__TO DO__
For this exercise, return exactly the lines of the material below that begin at the one with "- Made of high" and stop after the one with "4009M Tricou cu".

__RECORDS SUPPLIED__
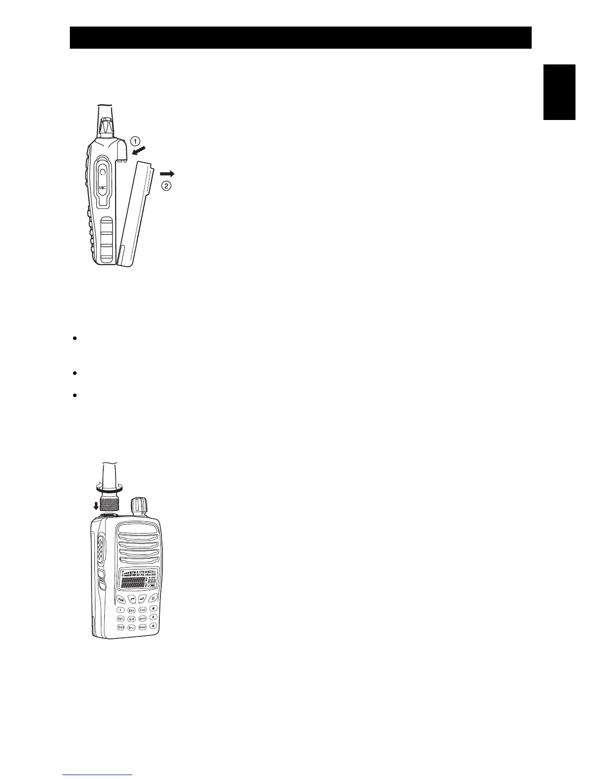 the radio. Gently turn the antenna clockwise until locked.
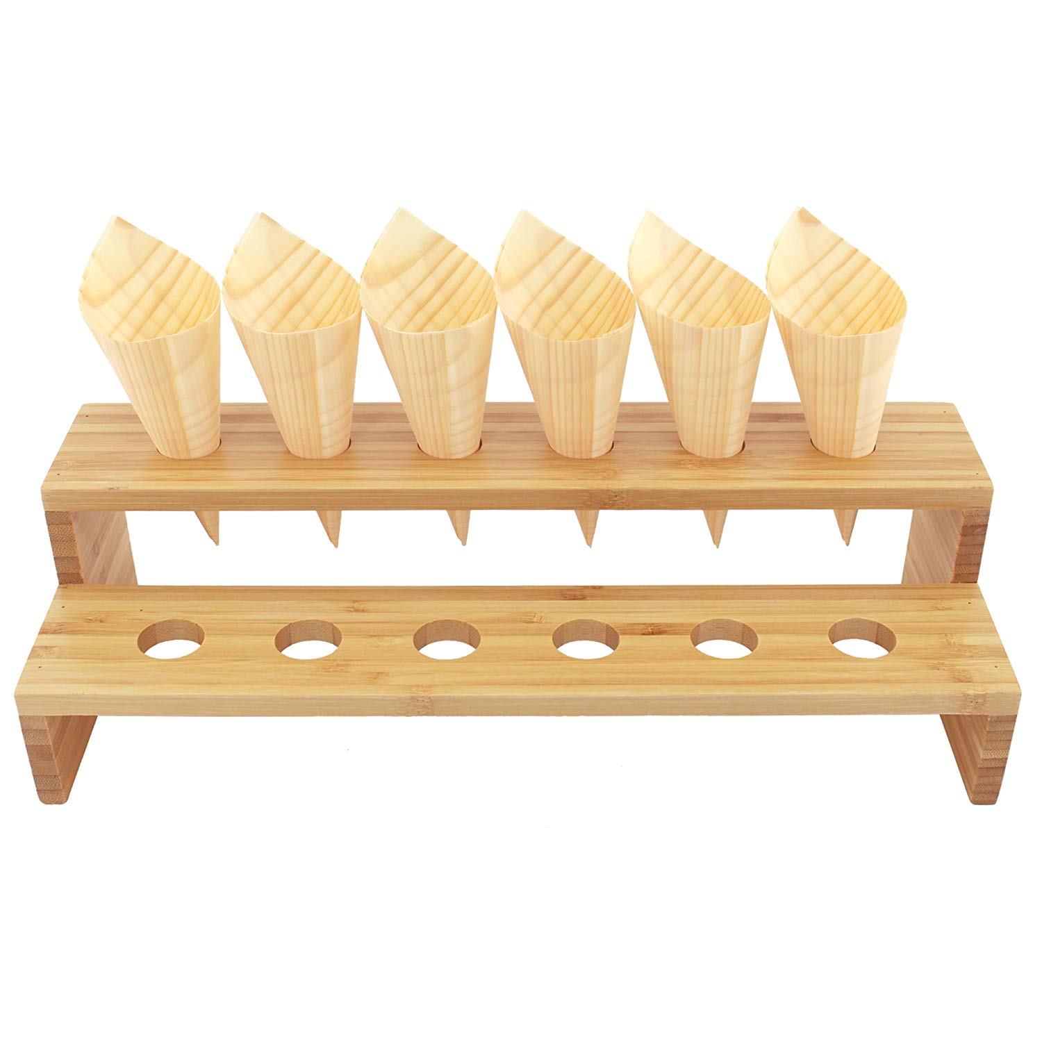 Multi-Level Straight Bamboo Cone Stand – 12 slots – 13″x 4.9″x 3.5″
...
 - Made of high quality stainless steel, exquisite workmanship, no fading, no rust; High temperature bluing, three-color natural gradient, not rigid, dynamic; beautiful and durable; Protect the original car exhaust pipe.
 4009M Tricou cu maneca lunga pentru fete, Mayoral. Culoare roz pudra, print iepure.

__RESULT OF THE EXERCISE__
 - Made of high quality stainless steel, exquisite workmanship, no fading, no rust; High temperature bluing, three-color natural gradient, not rigid, dynamic; beautiful and durable; Protect the original car exhaust pipe.
 4009M Tricou cu maneca lunga pentru fete, Mayoral. Culoare roz pudra, print iepure.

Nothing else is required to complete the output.